それぞれ、芯(木綿100%)の太さだけを変えたキャンドルで、炎の様子を観察します。写真に向かって、右方向へ行くほど、太い芯を使用しています。キャンドルの直径と材料(パラフィンと染料のみ)は全て共通です。

15分経過したキャンドル

火を灯して15分程※1経過した時の様子です。

左側(細い芯)
ロウを吸い上げる力が弱まるため、消えそうな程炎は小さいです。また炎が小さいため、ロウ溜まりが広がらず、ロウ壁も厚くなりやすい傾向です。室内で灯す場合は右から2番目、屋外で灯す場合は真中の炎が適した大きさです。
右側(太い芯)
ロウを吸い上げる量が多いため炎も大きく、風がなくても煤が出そうな大きさです。また炎が大きいため、その熱によってロウも早く溶け、ロウ溜まりの広がり方も早くなります。(=ロウ壁が薄くなりやすい傾向)

※1
キャンドルは点火して15分程経過するとそのキャンドルの持つ本来の大きさになりますが、時間の経過と共に炎の様子は変化していきます。それは、炎の熱によって出来るロウ溜まりのロウの量やキャンドルのデザイン※によって大きく左右されます。※デザインとは、特に断面の直径を指し、直径が狭く変則的であるほど炎が不安定になる傾向があります。

照明を消した様子

室内を消灯して、キャンドルの様子を観察します。

左側(細い芯)
周辺だけでなくキャンドル本体も暗く、その存在感の弱さから、灯していることを忘れがちになり、消し忘れの心配もあります。また長時間の燃焼でも、ロウ壁が厚いまま炎が深く下がる傾向になり、燃焼寿命が短く燃焼効率も低くなります。
右側(太い芯)
キャンドルの周辺を明るくし、また染料を使用しているためキャンドル本体へも明るさが広がります。また炎がキャンドルの直径に対して大き過ぎると、長く灯す過程でロウ壁がない状態、あるいはロウ壁を溶かしロウが流れ続ける状態、キャンドル本体の変形などの可能性がでてきます。

結論

芯の太さ選びは、炎の大きさを決定づけ、それに応じてキャンドル自体にあらゆる影響を与えます。炎の大きさが違えば、燃焼時間や灯し方の注意点も変わり、逆に演出空間や灯すTPOに応じて調整が可能になります。

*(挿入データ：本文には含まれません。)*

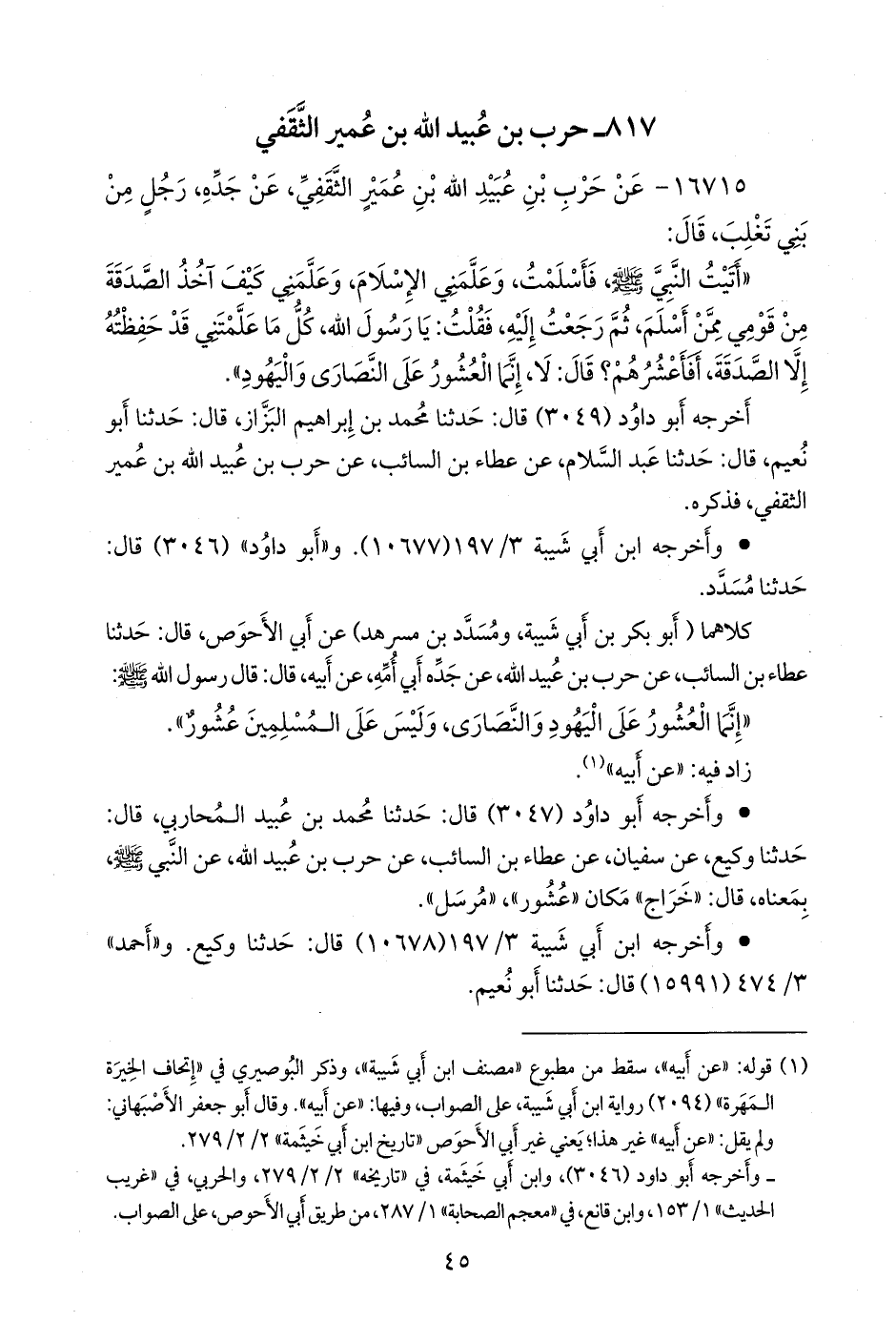 كلاهما (أَبو بكر بن أبي شيبة، ومُسَدَّد بن مسرهد) عن أبي الأحوص، قال: حدثنا عطاء بن السائب، عن حرب بن عُبيد الله، عن جَدِّه أبي أمه، عن أبيه، قال: قال رسول الله صَلى الله عَليه وسَلم:

キャンドル作りでは、そのTPOを念頭に、デザイン(主に直径)や材料(添加剤/色素の種類、ワックスの添加剤の量)によって芯の太さを最終的に決定しますが、芯選びで炎の大きさに納得が得られない場合は、再びワックスブレンド率による調整などワックス材料に立ち返って、試作を繰り返すことが大切になります。